Unrest knows no boundaries
Unrest knows no boundaries
The revolution that began in Tunisia that resulted in the removal of longtime rulers has now spread to America. We in the West operate under the premise that the social and political unrest in that part of the world is a unique faraway geographical phenomenon. It can’t happen in the United States of America, we rationalize. After all, the uprisings in Egypt and other northern African Muslim countries had everything to do with those peoples’ desire to emulate American style democratic government.

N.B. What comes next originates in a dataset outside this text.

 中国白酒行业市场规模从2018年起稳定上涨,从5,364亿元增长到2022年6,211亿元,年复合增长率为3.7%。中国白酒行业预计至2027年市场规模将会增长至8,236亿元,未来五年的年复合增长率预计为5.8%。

Our legislators can now identify with how Gadhafi felt when the Libyan rebels took to the streets. In New York’s Zuccotti Park a man holding Boy Scout tent gear in his arms hollered out. “We are not going home until our voices are heard.” Irrespective of how the government and media choose to deal with the protest movement in Portland, Ore., and others around the country, it is apparent that this problem is not going to soon go away.
Before March 10, 2011, most of the protest rallies that we witnessed were staged by the Tea Party. Only after the passage of Senate Bill 5 in Ohio and similar legislation in Wisconsin and the introduction of Paul Ryan’s budget plan did we begin to see rallies and marches which are forerunners of the chaos we see in the nation’s city streets today. Republican policies were viewed even by many potential 2012 Republican voters as an attack on unions, workers and poor people, as well as the elderly.

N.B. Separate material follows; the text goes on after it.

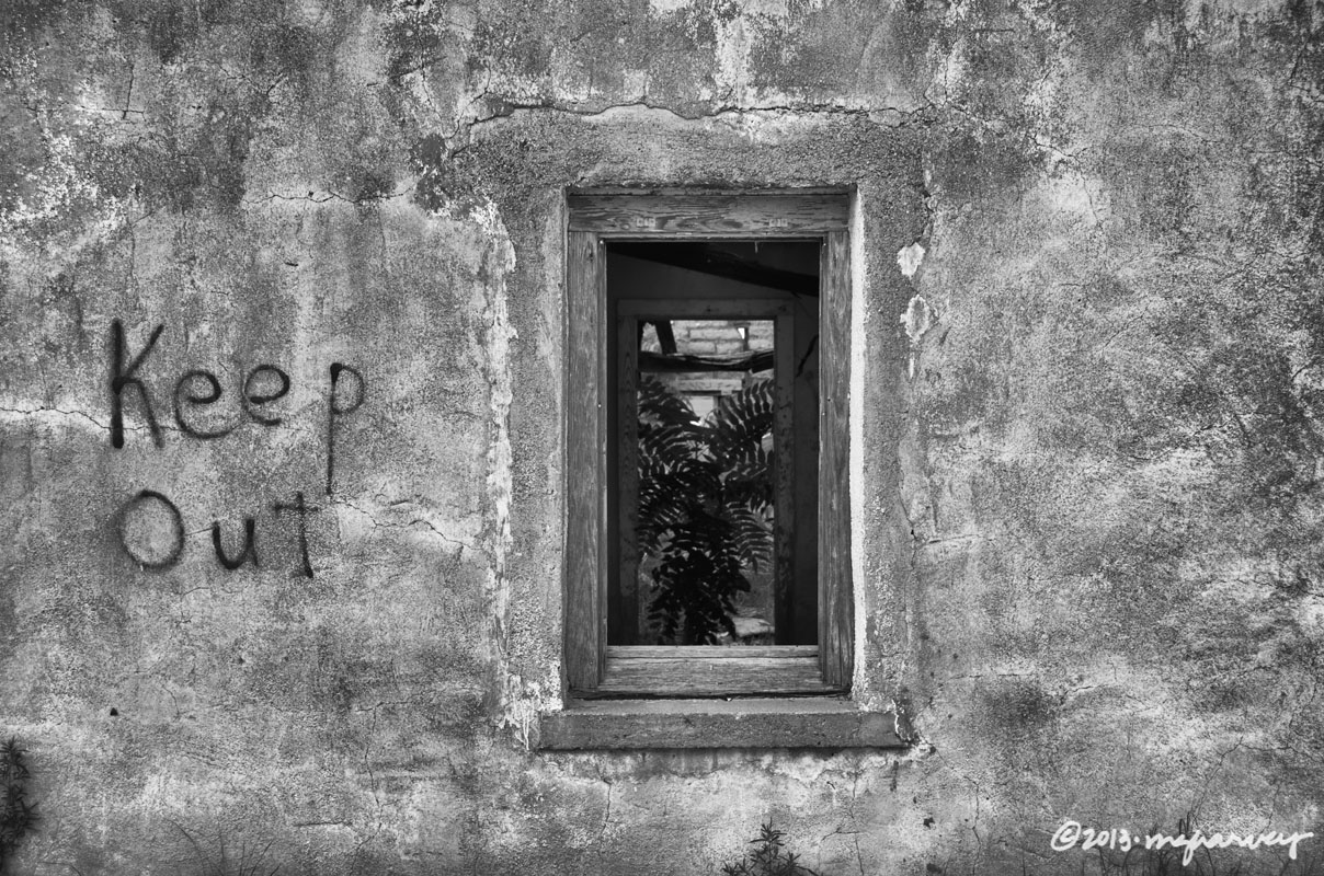 – The KEEP OUT painted on the wall, because the state of the yard made the sign unnecessary.

The real damage, however, was done during the height of the July debt ceiling crisis. Tea Party Republicans especially, made it clear that corporations and the rich would be exempt from tax consideration in solving the nation’s financial crisis. A similar situation was recently repeated The protest movements we now see on the nation’s news media were borne of Wall Street corruption and bad Republican policies.
If young people in northern Africa are reacting to corrupt leadership and inequalities between the rich and the poor, what makes you think that our youths are so different? This movement will increase in number and intensity unless the Houses of Congress work together as one to solve a national crisis. The Congress during the Kennedy-Johnson eEra passed laws to address the concerns of the protest movements in their day. Are our leaders listening? How do they get these youths to leave their tents at home and return to normal daily life? The answer is simple. Get the corporations and the wealthy to pay their fair share of the taxes.